Task description: Transcribe every line from the one containing "Serdecznie zapraszamy Rodziców" to the end of the listing, exactly as written, and leave out the pictures.

Stored data:
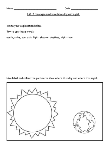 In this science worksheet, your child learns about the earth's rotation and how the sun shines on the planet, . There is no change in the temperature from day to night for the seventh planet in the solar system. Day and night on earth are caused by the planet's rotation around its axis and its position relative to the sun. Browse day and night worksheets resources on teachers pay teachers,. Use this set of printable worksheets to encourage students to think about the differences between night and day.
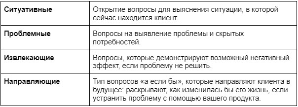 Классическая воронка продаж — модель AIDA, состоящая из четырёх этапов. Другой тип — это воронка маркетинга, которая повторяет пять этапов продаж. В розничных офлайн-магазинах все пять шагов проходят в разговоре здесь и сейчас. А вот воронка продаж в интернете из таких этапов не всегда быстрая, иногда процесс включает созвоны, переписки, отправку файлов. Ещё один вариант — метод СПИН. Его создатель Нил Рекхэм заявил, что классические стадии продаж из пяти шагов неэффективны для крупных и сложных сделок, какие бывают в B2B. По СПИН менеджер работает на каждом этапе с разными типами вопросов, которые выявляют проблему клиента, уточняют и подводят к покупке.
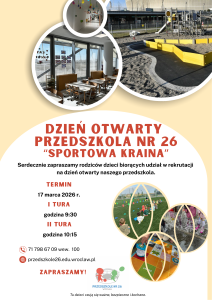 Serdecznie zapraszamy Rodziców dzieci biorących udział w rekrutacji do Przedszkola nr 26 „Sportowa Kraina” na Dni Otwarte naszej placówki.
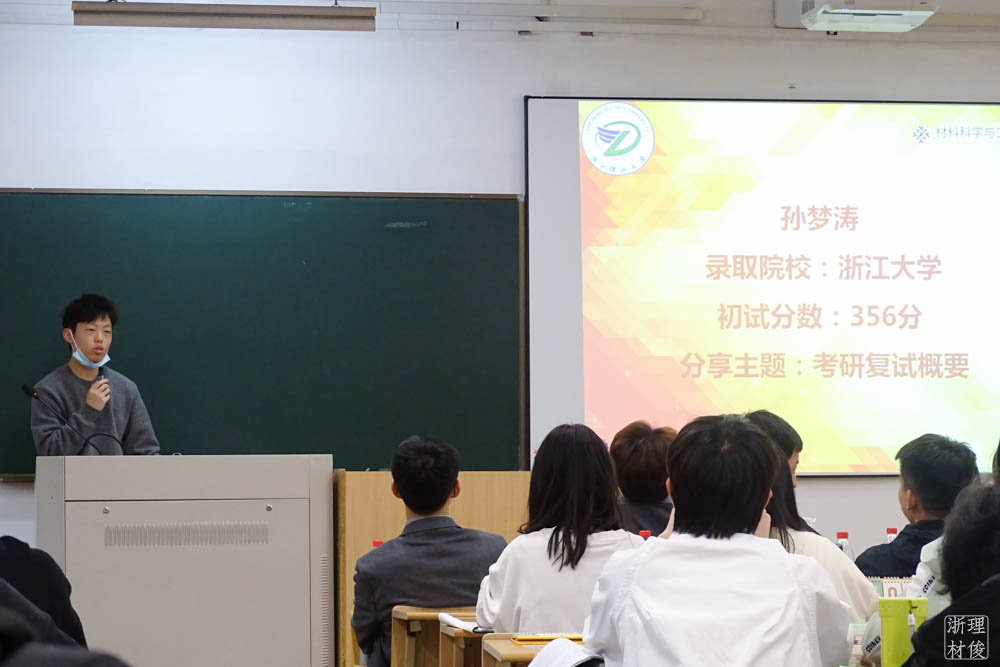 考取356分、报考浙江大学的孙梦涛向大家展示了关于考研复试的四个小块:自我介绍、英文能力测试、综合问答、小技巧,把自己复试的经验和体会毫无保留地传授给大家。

Result for this task:
 Serdecznie zapraszamy Rodziców dzieci biorących udział w rekrutacji do Przedszkola nr 26 „Sportowa Kraina” na Dni Otwarte naszej placówki.
 考取356分、报考浙江大学的孙梦涛向大家展示了关于考研复试的四个小块:自我介绍、英文能力测试、综合问答、小技巧,把自己复试的经验和体会毫无保留地传授给大家。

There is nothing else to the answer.